Why Does the Ask Crawler Keep Trying to Download Erroneous Links From A Server? Or why Does It Keep Trying to Access A Server That Doesn’t Even Exist?

It’s inevitable for some links to become obsolete or outdated after a given amount of time. Whenever a web page contains links which are either obsolete, broken or linked to a site which no longer exists, Ask’s search algorithms will still try to visit the link in order to identify the pages that it references.

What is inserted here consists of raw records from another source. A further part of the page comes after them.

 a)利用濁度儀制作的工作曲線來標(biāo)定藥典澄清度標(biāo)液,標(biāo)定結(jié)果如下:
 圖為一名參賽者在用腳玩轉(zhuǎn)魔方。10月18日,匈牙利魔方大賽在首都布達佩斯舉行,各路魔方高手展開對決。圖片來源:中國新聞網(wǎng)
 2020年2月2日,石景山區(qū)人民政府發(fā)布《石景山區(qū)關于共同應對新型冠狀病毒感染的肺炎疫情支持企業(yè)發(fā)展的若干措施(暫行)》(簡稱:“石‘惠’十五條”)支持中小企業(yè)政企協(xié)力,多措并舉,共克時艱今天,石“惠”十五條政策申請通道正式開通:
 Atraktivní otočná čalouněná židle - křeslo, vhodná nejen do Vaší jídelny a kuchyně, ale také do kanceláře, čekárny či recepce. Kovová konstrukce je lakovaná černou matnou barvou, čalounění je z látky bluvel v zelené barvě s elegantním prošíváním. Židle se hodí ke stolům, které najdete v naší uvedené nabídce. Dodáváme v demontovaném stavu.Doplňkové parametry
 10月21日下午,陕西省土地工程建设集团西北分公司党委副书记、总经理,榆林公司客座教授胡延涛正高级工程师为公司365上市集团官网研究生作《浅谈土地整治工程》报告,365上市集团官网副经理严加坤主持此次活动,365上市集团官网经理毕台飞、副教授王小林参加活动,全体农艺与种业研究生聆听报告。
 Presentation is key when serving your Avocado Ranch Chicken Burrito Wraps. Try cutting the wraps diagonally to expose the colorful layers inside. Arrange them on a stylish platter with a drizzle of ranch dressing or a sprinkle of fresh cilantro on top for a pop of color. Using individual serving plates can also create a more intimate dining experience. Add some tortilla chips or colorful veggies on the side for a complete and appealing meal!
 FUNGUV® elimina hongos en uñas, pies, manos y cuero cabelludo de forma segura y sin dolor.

This causes the crawler to request for URLs that may no longer even exist or which have never existed in the first place. In some cases, it may also try to make HTTP requests via IP addresses which no longer belong to any particular server or had never been part of one. Keep in mind that this does not mean that the Crawler is creating addresses randomly. Instead, what it’s actually doing is following links, which accounts for the activity on a machine that is not even a web server.

How Does The Ask Web Crawler Find URLs?

The Ask Crawler identifies and follows pages by following their links from other sites and pages. Whenever a crawler identifies a particular page that contains a frame, it downloads each component of the set, including their content, as parts of the original page. Take note, however, that the Ask Crawler are not meant to index each component frame of the URLs unless they have been linked to other pages.

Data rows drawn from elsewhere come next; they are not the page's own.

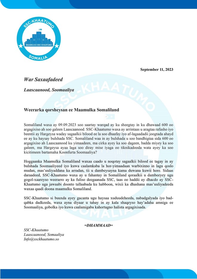 Isniin, September, 11, 2023 (HOL) - Qoraal kasoo baxay SSC Khaatumo ayaa lagu sheegay in Somaliland ay qorshaynayso dagaalo ay ka fuliso deegaanada SSC.
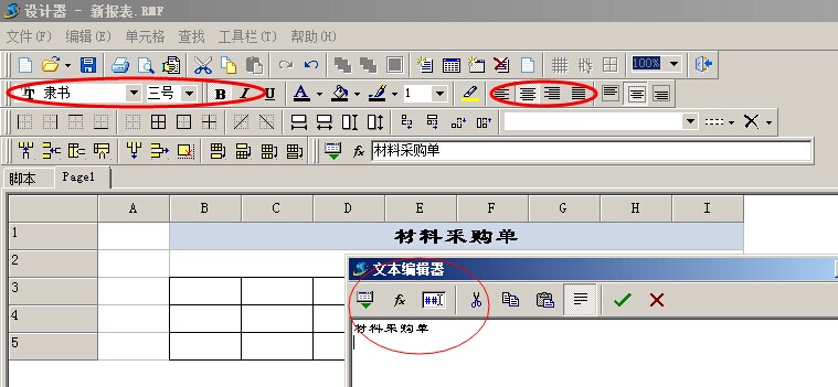 5. 雙擊第一行輸入,在彈出的文本框中,輸入打印標題的名稱例如材料采購單。然后選擇字體及大小。
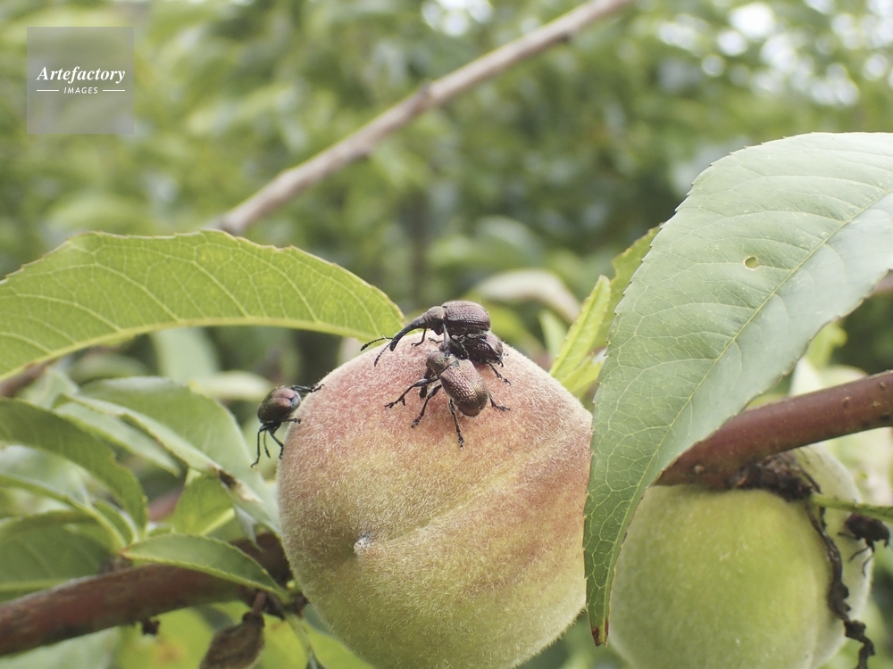 | キャプション | 桃の実に集まる 実を食べる 産卵加工をする等 オトシブミ科 | 制限事項 | ||
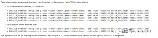 $ORACLE_HOME/OPatch/opatch prereqCheckConflictAgainstOHWithDetail -phBaseDir home/oracle/soft/32126842/32226239/32218454$ORACLE_HOME/OPatch/opatch prereqCheckConflictAgainstOHWithDetail -phBaseDir home/oracle/soft/32126842/32226239/32222571
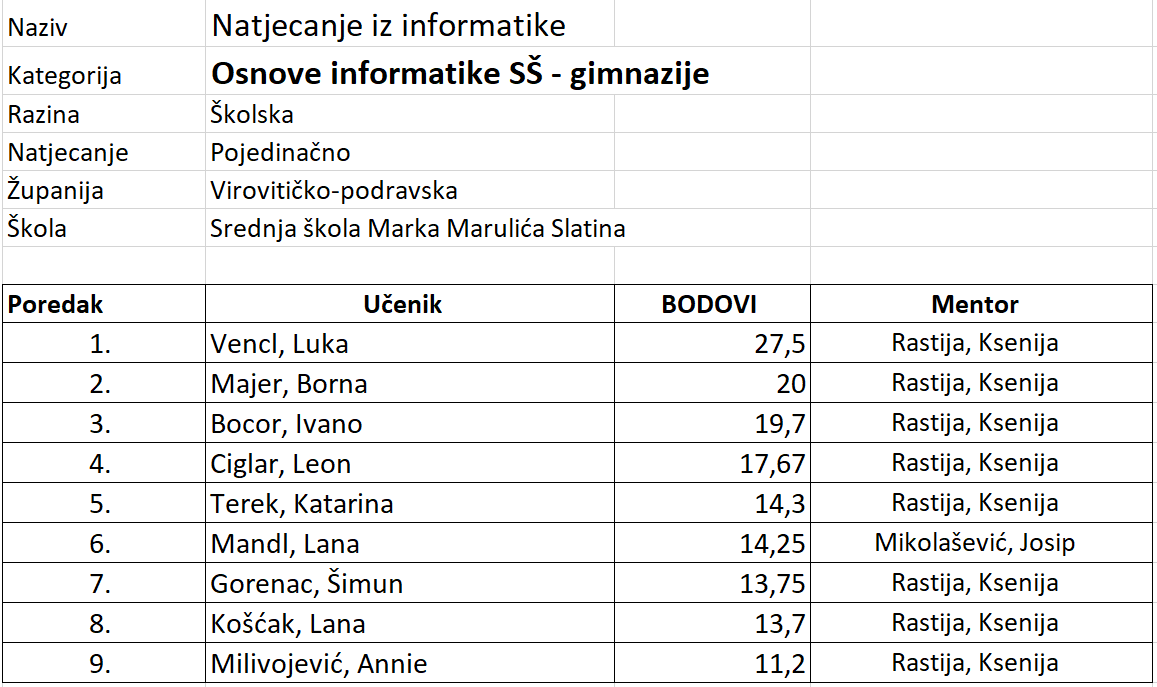 U petak, 16. 01. 2026. održano je školsko natjecanje iz informatike u Srednjoj školi Marka Marulića Slatina.
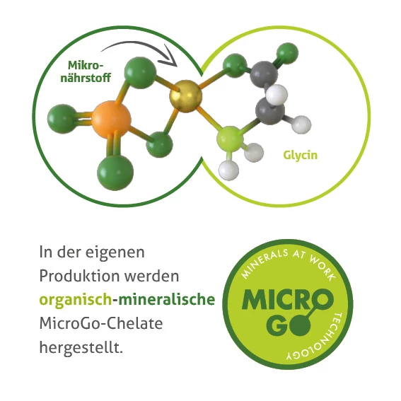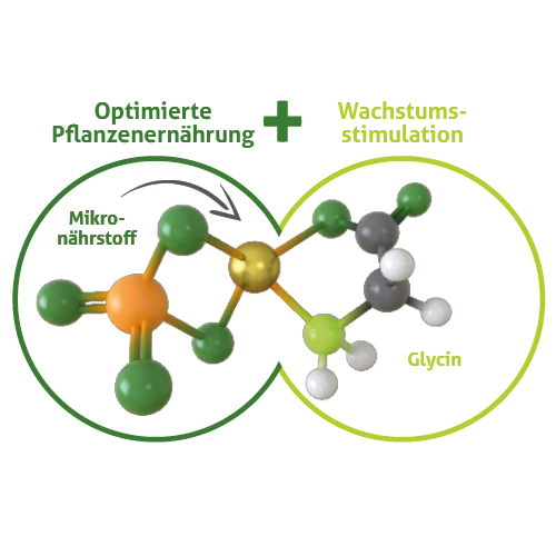Im Zentrum steht die neu entwickelte Wirkstoffklasse auf Basis von Glycinat-Chelaten. Auf einer präzise abgestimmten Nährstoffzusammensetzung sowie auf der chemischen Struktur der enthaltenen Nährstoffe basiert die Wirkung und Anwendungseffizienz unserer Produkte.
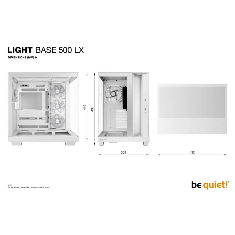 - BE QUIET! LIGHT BASE 500 LX WHITE. FORM FACTOR: MIDI TOWER, TYPE: PC, PRODUCT COLOUR: WHITE. SUPPORTED POWER SUPPLY FORM FACTORS: ATX, PS2. SIDE FANS INSTALLED: 3X 120 MM, SIDE FANS DIAMETERS SUPPORTED: 120 MM, REAR FANS INSTALLED: 1X 120 MM. SUPPORTED HD

What Kind of Links Do Ask Crawlers Follow?

The Ask Crawler was designed to identify and follow HREF links, Re-Directs as well as SRC links.

Can the Ask Crawler Include Dynamic URLs?

Ask allows for a certain number of dynamic URLs in its index. However, these kinds of links are thoroughly screened prior to inclusion in the index in order to find and eliminate possible duplicates prior to downloading.

Why Does Ask Crawler Keep Ignoring My URL?

If the Ask Crawler is ignoring your URL then it’s likely because it hasn’t found any link to that particular URL from other pages that it has visited. In this case, you’ll simply have to check the URLs on that particular page.

Does the Ask Crawler Allow HTTP Compression?

It does. However, both the client as well as the server should support the compression in order to allow the HTTP compression to work. When supported, the Ask Crawler allows the servers to send out compressed contents using Gzip and other formats instead of the usual documents.

This feature allows for considerable bandwidth savings for both the HTTP server and the client, resulting in file size reduction of about 75%. However, there is also a little CPU overhead cost involved for both parties due to encoding and decoding costs, but it’s all worth it.

How Do Site Owners Register A URL with Ask for Indexing?

It’s worth pointing out that Ask no longer has a Paid-Site-Submission program, so you can’t really pay to have your URL indexed. However, thanks to the recent upgrades, Ask is now indexing more web pages than ever before, so you shouldn’t worry about your site not appearing on Ask’s search index.

Also, if you are a site owner or webmaster of a particular site then you may want to look for additional online information that offers tips on how to set up and optimize your web server in order to make them “Web Crawler Friendly.”

Why Are Some of Pages Indexed by Ask Crawlers Not Showing Up on Ask.com’s Search Results?

If you can’t find some of your pages indexed on Ask’s search results page then it’s probably because it’s being analyzed by Ask’s servers. Like all search engines, Ask’s system always analyzes the results of each crawl, before processing the results for inclusion in their database. So if you can’t find yours on their search results page then it’s likely because they’re still reviewing it.

Can I take control of the crawler request rate from the Ask Spider to my site?

Yes. Ask fully support the so-called Crawl Delay robots.txt protocol. With this directive, you will be able to set the minimum delay of Ask’s Spider between two successive requests on your site.